Records provided.
★ ★ ★ ★ ★ ★ ★

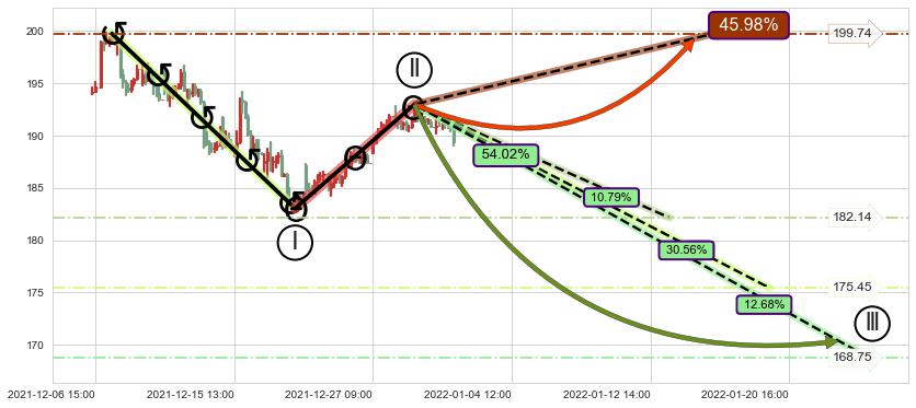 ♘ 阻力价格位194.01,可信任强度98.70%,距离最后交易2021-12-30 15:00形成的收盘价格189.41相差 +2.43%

★ ★ ★ ★ ★ ★ ★

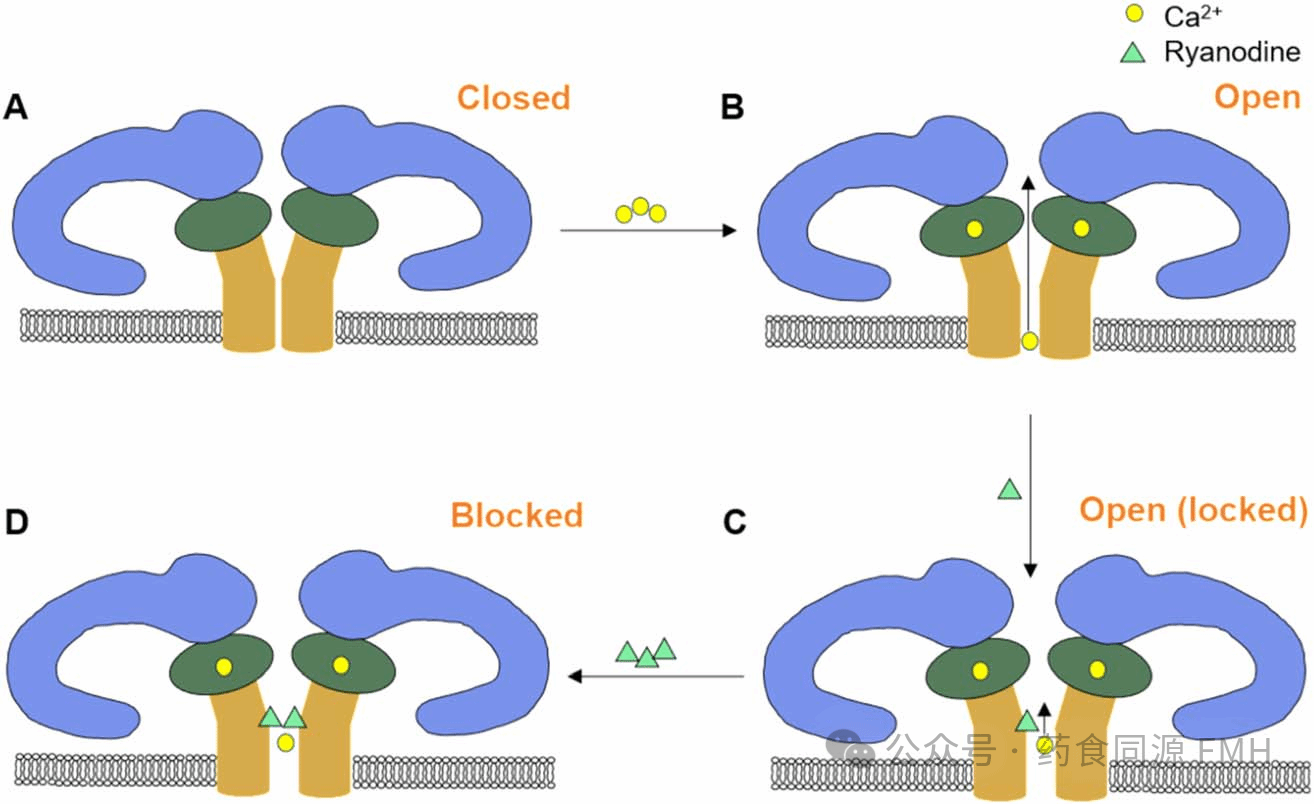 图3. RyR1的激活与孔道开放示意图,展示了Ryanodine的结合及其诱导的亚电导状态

★ ★ ★ ★ ★ ★ ★

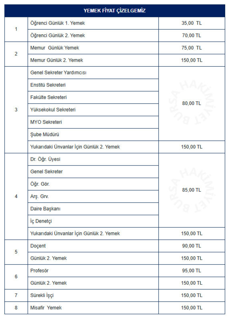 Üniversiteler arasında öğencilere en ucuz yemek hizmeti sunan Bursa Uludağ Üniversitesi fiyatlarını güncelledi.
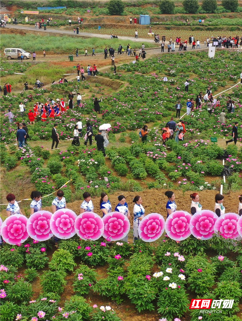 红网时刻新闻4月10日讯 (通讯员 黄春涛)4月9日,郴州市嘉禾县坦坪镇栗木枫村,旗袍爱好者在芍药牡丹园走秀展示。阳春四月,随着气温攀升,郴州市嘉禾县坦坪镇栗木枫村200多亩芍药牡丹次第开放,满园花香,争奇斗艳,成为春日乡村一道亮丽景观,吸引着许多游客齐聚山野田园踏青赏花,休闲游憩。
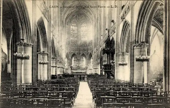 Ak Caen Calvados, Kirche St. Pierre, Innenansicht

★ ★ ★ ★ ★ ★ ★

Exercise directions.
Set down word for word the lines above from the one with "Üniversiteler arasında öğencilere" up to and including the one with "Ak Caen Calvados, Kirche". Omit every picture.

Written solution.
 Üniversiteler arasında öğencilere en ucuz yemek hizmeti sunan Bursa Uludağ Üniversitesi fiyatlarını güncelledi.
 红网时刻新闻4月10日讯 (通讯员 黄春涛)4月9日,郴州市嘉禾县坦坪镇栗木枫村,旗袍爱好者在芍药牡丹园走秀展示。阳春四月,随着气温攀升,郴州市嘉禾县坦坪镇栗木枫村200多亩芍药牡丹次第开放,满园花香,争奇斗艳,成为春日乡村一道亮丽景观,吸引着许多游客齐聚山野田园踏青赏花,休闲游憩。
 Ak Caen Calvados, Kirche St. Pierre, Innenansicht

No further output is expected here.